The experience in the garden stood young David Moxon’s world on its ear.  “I immediately found,” he says, “that God was more important than anything else.”

Blessed are the pure in heart…
If David Moxon’s love for God was born in that Palmerston North garden, his renewed love for the church was born in Russia.

In 1974, not long after his garden epiphany, he was invited to join a World Council of Churches’ student trip to Soviet Russia. These were the Breshnev years; no doubt the Marxist state saw the students’ visit as a public relations opportunity.

The church in Soviet Russia was largely underground, and faced relentless harassment from a police state.

“We were told,” he says, “that there were classes in atheism in every Russian school.
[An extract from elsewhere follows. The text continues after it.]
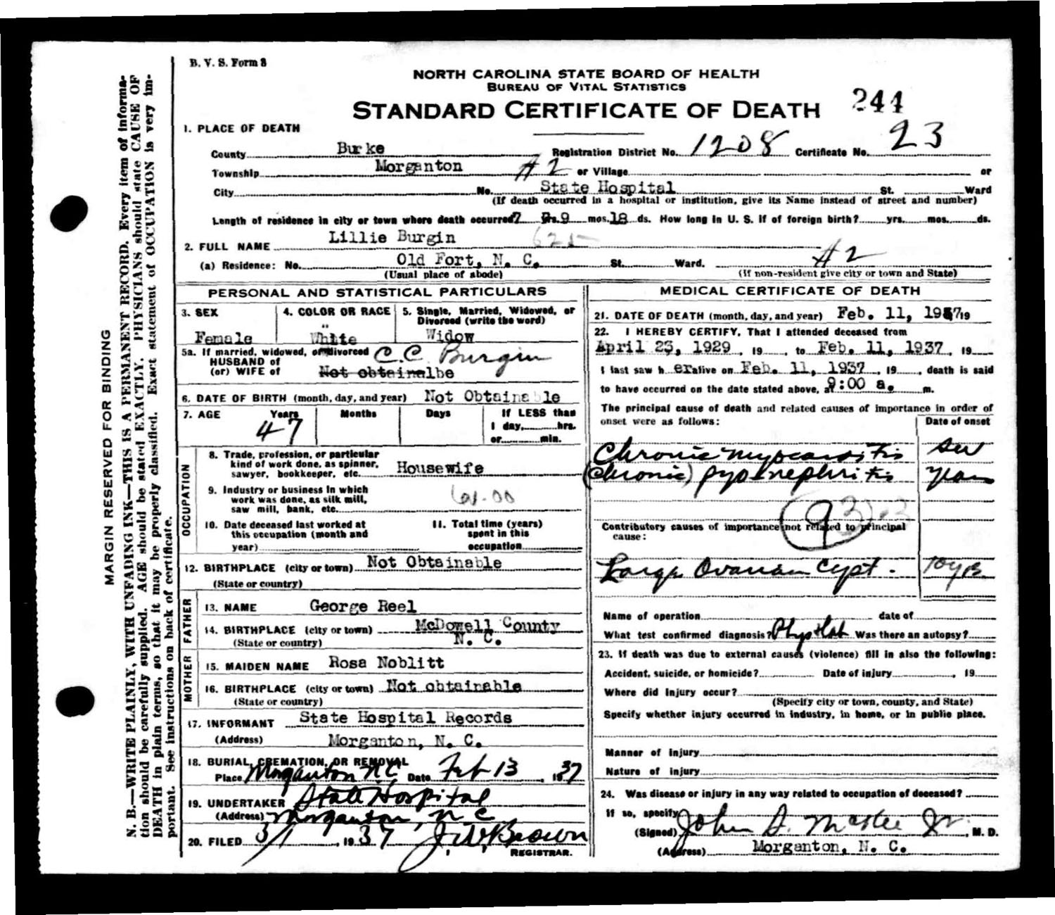 February 01, 1858 in McDowell Co., North Carolina

There is no God, the students were taught. There is no heaven. There is no transcendent being. No numinous. It’s all material and molecular.

“They used to get a cosmonaut to go round these classes: ‘I’ve been up there,’ he’d say, ‘and there’s nothing. It’s empty. It’s black. No God.’

“And when we were there, we were told of the daughter of a priest who had stood up in the question time and said: ‘Excuse me, comrade, but are you pure in heart?’

“In Matthew’s gospel, in the Beatitudes it says: ‘Blessed are the pure in heart, for they shall see God.’”

The young Kiwi student was humbled and inspired by the endurance of the Orthodox Christians, and by their steadfast witness to their faith.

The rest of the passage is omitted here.